“Silent Hill: Revelation” is a video game-to-movie adaptation that even other video game-to-movie adaptations are ashamed of. This film is a mess, barely holding itself together. The monsters are shoehorned in, their design ripped from various “Silent Hill” titles, but implemented awkwardly and disappointingly. The acting is barely worth gracing with the title, and the story isn’t worth gracing at all. Even the venerable Sean Bean floats through each scene, as bored as the audience. Everything falls flat, even the 3D, which only serves to make things not-flat in a highly literal way. It can’t even provide a good “so bad it’s good” experience. It’s forgettable and sub-par in every imaginable way.
For someone in the audience who doesn’t know anything about the “Silent Hill” franchise, this movie only offends by wasting their time. For someone who does follow the series, long-running and downward spiraling, it’s even more disappointing.
The movie furthers the long and steady walk away from the atmosphere and tension of “Silent Hill” video games. The series devolved into a slew of jump scares and tired, overdone “scary” occurrences. There used to be such potential for intensity and legitimate fear: now the emotional evocations are associated less with terror and more with dry oatmeal.

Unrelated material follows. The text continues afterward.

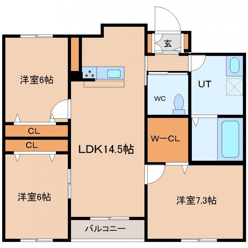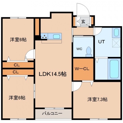 3LDK(77.84m²)└ LDK14.5帖 洋室7.3帖 洋室6帖 洋室6帖

As is becoming frustratingly predictable, the 3D effects underwhelm in a manner that would make a Bing search cringe. Aside from the obvious and poorly implemented stab-the-camera, throw-someone’s-arm-at-the-camera and scary-thing-yells-at-the-camera, this movie being in 3D serves no purpose. Those are barely reasons to make it in 3D in the first place, and thus it could have been left out entirely.
Worse than just being bad, “Silent Hill: Revelation” is boring. Boring is the worst thing a bad horror movie can be. They can have hammy acting, underwhelming effects, under-developed storylines or any number of flaws, but if they lack even the most basic entertainment value, then all is truly lost.
Ultimately there really isn’t much to say. Pointing to a redeeming quality cannot be done. Bad through and through, like a pair of denim socks.
This movie will likely fade out of thought in less time than it takes to watch it in the first place. There’s little reason to see it, especially this time of year when there are so many horror movies available, and few are less engaging than this one.